The only thing I can think of which indirectly makes this happen is that the increase of efficiency of resource utilization. Specifically, that IRQ balancing increases parallelism across cores, which can prevent resource contention and optimize the use of available memory. When combined with the qca closed source blob (which Robimarko and Ansuel I know love), and ath11k's memory hunger, this interaction may become more important.

@robimarko based on these findings and confirmation above, do you think it makes sense to include the above script or a flavor of it for ipq807 devices in firmware? It's dynamic so the issue of direct number based assignment (which for example changed between 5.15 and 6.1) is a non-concern.

[EDIT] BTW, current uptime and memory info. Memory usage has been rock solid.

Uptime	12d 6h 29m 36s
Total Available	  129 / 406 MB
Used              270 / 406 MB
Cached             27 / 406 MB
1 Like

Thanks, I've placed the script and see how it goes after reboot.

If its dynamic, then it should be good to include it by default as at worst case it will increase the performance a bit.

2 Likes

I've the ppdu* moved across cores since some months ago. But I don't know if it's good or not from a performance view. My two AX3600 seem stable, I can get weeks of uptime without problem. I usually only restart for updating to latest snapshot.

1 Like

I don't fully understand this, but with the irq script in rc local I have 160 mb instead of 60mb ram free :slightly_smiling_face:

No issues with this in my rc.local for my ipq8074. I recon I had to set it like this to get better performance when doing --bidir tests. The IRQ did change running NSS basics so I guess a script is better.

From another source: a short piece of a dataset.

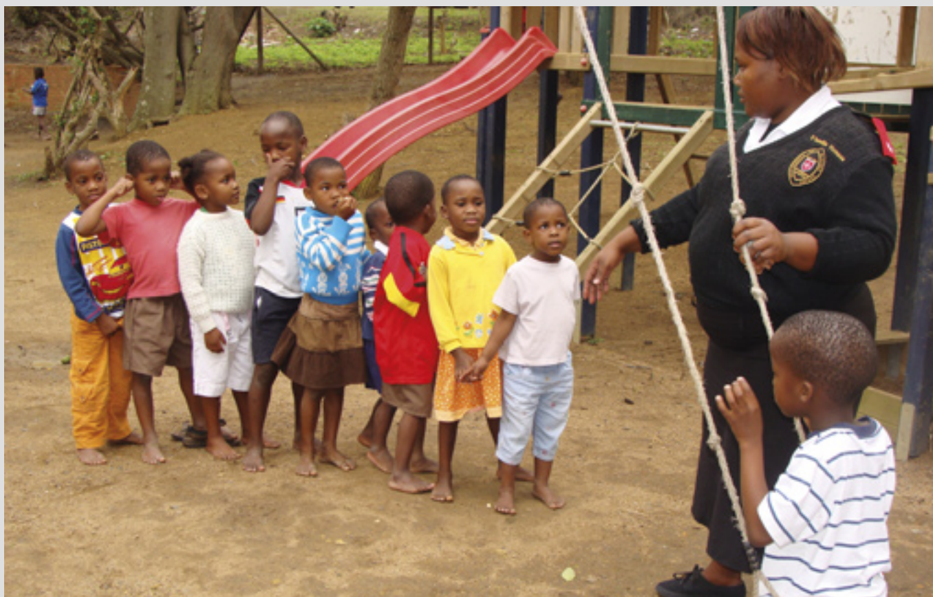
▲ À la Fraternité du Bienheureux Gérard, en Afrique du Sud, des enseignants travaillent avec de jeunes orphelins

echo 1 > /sys/class/net/lan/queues/rx-0/rps_cpus
echo 2 > /sys/class/net/lan/queues/rx-1/rps_cpus
echo 4 > /sys/class/net/lan/queues/rx-2/rps_cpus
echo 8 > /sys/class/net/lan/queues/rx-3/rps_cpus

echo 1 > /sys/class/net/lan/queues/tx-0/xps_cpus
echo 2 > /sys/class/net/lan/queues/tx-1/xps_cpus
echo 4 > /sys/class/net/lan/queues/tx-2/xps_cpus
echo 8 > /sys/class/net/lan/queues/tx-3/xps_cpus

# echo 8 > /proc/irq/66/smp_affinity

# wbm2host-tx-completions-ring
echo 2 > /proc/irq/65/smp_affinity
echo 4 > /proc/irq/70/smp_affinity
echo 8 > /proc/irq/73/smp_affinity

# ppdu-end-interrupts-mac
echo 8 > /proc/irq/77/smp_affinity
echo 4 > /proc/irq/79/smp_affinity
echo 2 > /proc/irq/81/smp_affinity

# reo2host-destination-ring
echo 1 > /proc/irq/83/smp_affinity
echo 2 > /proc/irq/84/smp_affinity
echo 4 > /proc/irq/85/smp_affinity
echo 8 > /proc/irq/86/smp_affinity

One question tho, if you set f or 3 or c, but don't use irqbalance. Then it will not work?

Great - yes that's also what I saw as well.

Based on McGiverGim's input, I have updated the script in above post to also include
ppdu-end-interrupts-mac-* assigning to cores 2, 3, and 4.

2 Likes

This script should fix the ath11k memory leak?
Does it work also on AX6 (IPQ807X) ?

Please test and report back your results.